One procedure is to hold all wellhead prices and operating costs constant, assuming that they will rise or fall together. In addition, many firms now recognize that, by present standards, the historical price of oil has oscillated since 1880 between about $11 and$22 per barrel, (except for the 1978-1984 and 1990-1991 spikes), and they set their price predictions in that range. However, and costs are assumed and the inflation component of the discount rate is omitted (leaving a discount rate of approximately 3-4%), the project analyst is assuming that any price or cost changes that do occur will exactly offset any inflation or loss of purchasing power. If all the assumptions are correct, the result would be a constant purchasing power net present value.

Variations in oil prices would be expected to follow a lognormal statistical distribution, given a free world market—many small price fluctuations and only a few very large ones. However, predicting variations tends to be a near-term preoccupation, which is of limited value in a business that is as long-term as the oil business. Predicting trends would indeed be useful if we could do it—but the historical evidence says we cannot.

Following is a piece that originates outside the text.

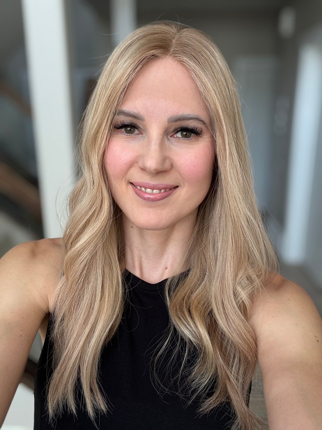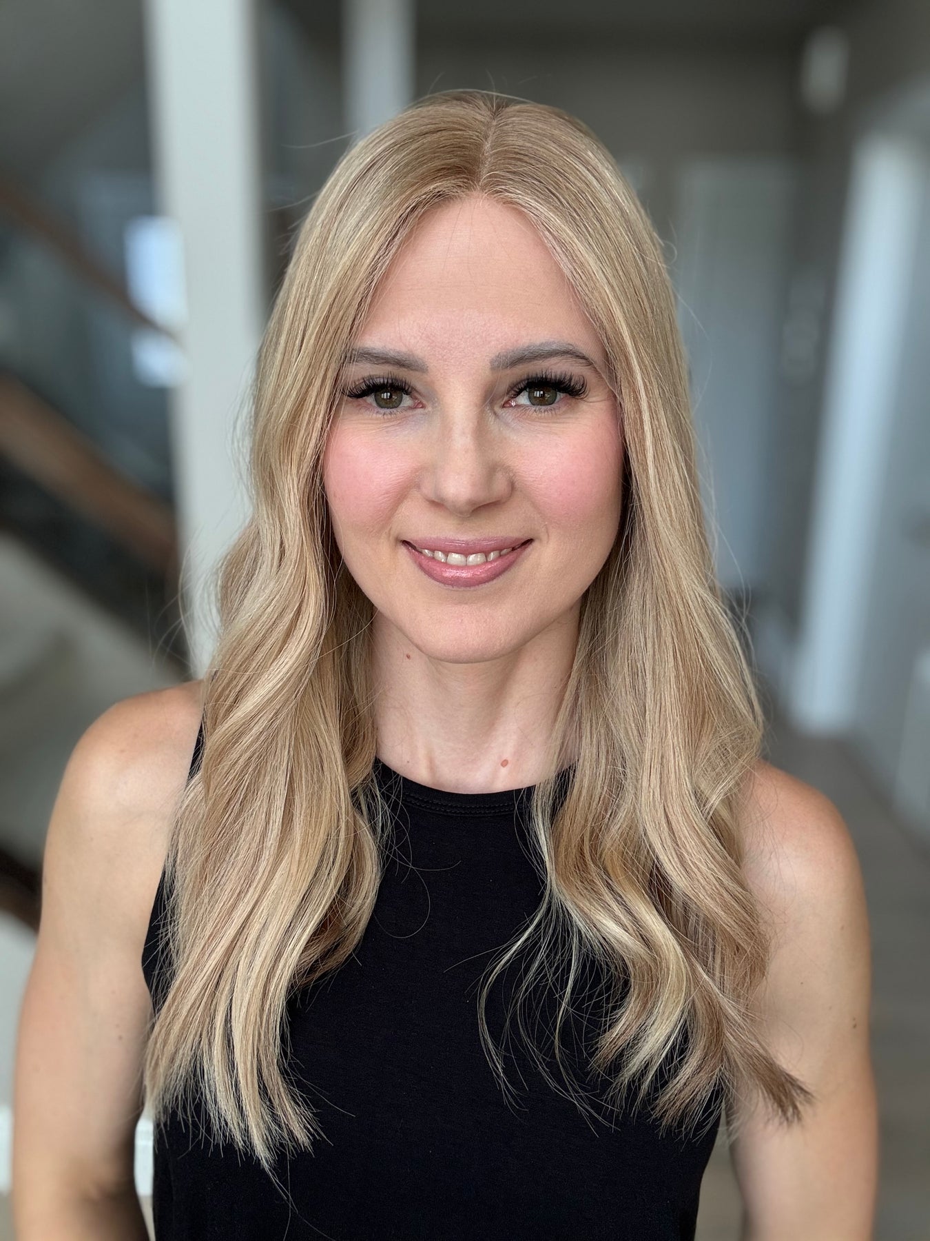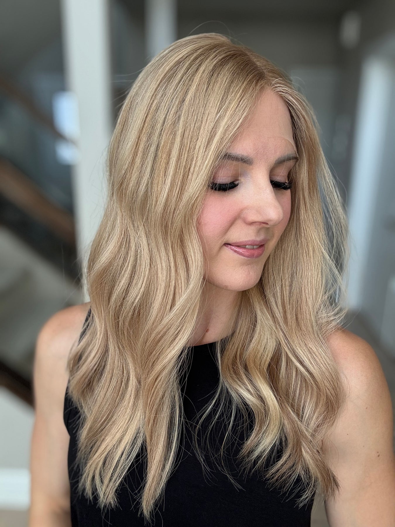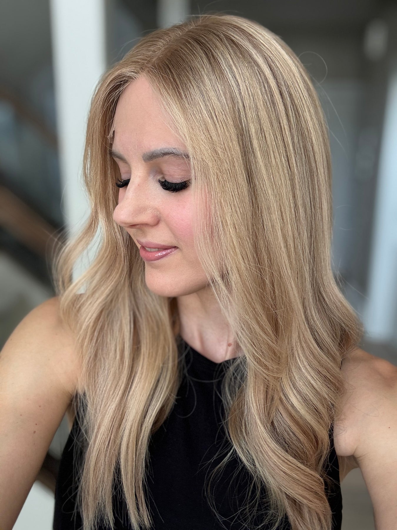 * Color: Soft warm baby blonde with darker warm blonde roots and dimension.

Predictive accuracy of cost forecasts for exploration ventures typically lies within the 0.5× to 2.0× range (80% of predictions are within one-half to twice the actual costs incurred). Because lower uncertainties ordinarily attend development projects, cost forecasts should be more accurate, perhaps within a range of about 0.80× to 1.25×.

Estimators who deliberately overestimate such costs to prevent cost overruns actually impose unnecessary burdens on project economics by making projects appear to be more expensive to carry out than they actually are. This may cause the firm to rule out many prospects and thereby suffer the opportunity loss that each rejected prospect represents. Ideally, such predictions should be objective so that cost overruns and underruns balance at the end of each drilling year.

### Taxes and regulatory costs

Taxes and regulatory costs, which show substantial variation, can also be expressed as ranges. Commonly, however, the effect of such governmental regulatory activity is to delay project performance, thus reducing profitability because of the time value of money. There is a clear tendency for operators to underestimate both the number and duration of such delays.[2] It is also possible that future investments and operating costs will increase as a result of future regulatory activity.